General Hospital and the A-Team

General Hospital and the A-Team

by: Garland Davis

It was one of the FF’s I served in.  I don’t remember which one.  We had an extended availability in Yokosuka.  I had a relatively untrained Galley crew and was spending most of my time in the Galley training the cooks in proper procedures and trying to get them up to working without constant supervision.  I didn’t spend a lot of time in the CPO Mess.  I saw more of the CPO Mess through the window from the Galley than I did as a member. I usually had coffee in the Mess Deck at 0500 and then helped the cooks through preparation and serving of breakfast.  After quarters, I would get the cooks started on the noon meal and work on my paperwork in the Supply Office.
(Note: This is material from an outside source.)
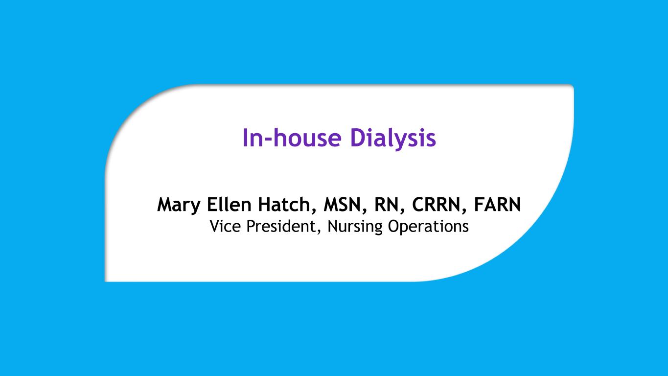 In-house Dialysis Mary Ellen Hatch, MSN, RN, CRRN, FARN Vice President, Nursing Operations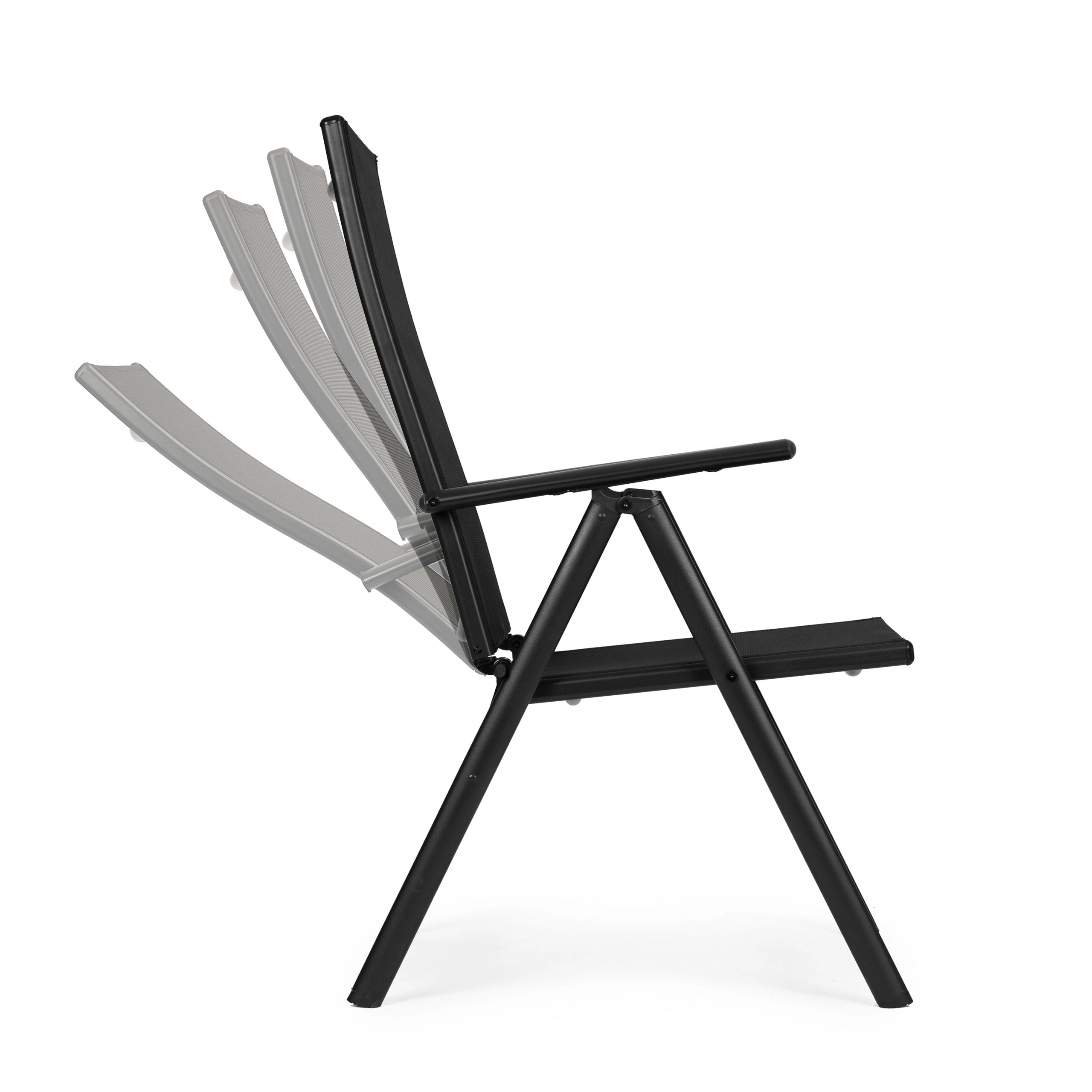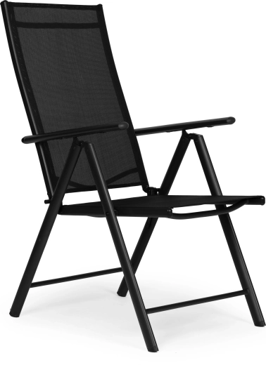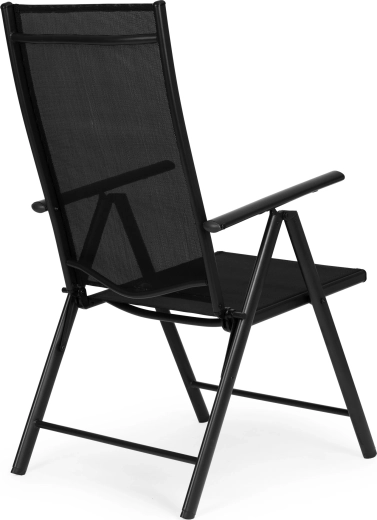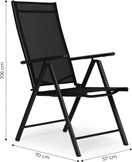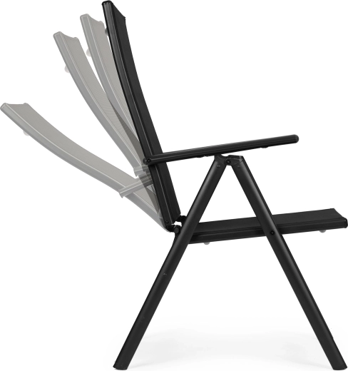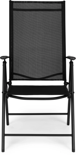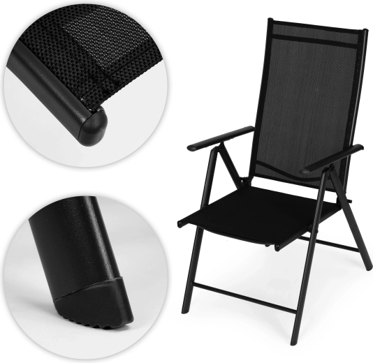 Takket være den sammenklappelige konstruktion sparer stolen plads og er klar til camping, picnic og ferie. Beskyttende fodkapper minimerer risikoen for at ridse gulv og terrasse. Det moderne sorte design passer til de fleste havesæt og er let at vedligeholde.

In addition to my Food Service duties, I was also tagged with overseeing and coordinating the SRF and contract worker’s efforts rehabilitating the forward and after crew’s heads.   If I wasn’t in the Galley, I was in the Supply Office or walking around with a sheaf of blue prints and work orders attempting to control the work in the heads.  Hard to believe, but I was mostly discouraging them from doing the work.  A major weapons department cable run had to be accomplished first.  The cables were to run through the heads.  If I had let the head rehab go forward, the contractor doing the cable run would have just ripped it out to do his work. At the same time, I inherited supervising the head cleaners.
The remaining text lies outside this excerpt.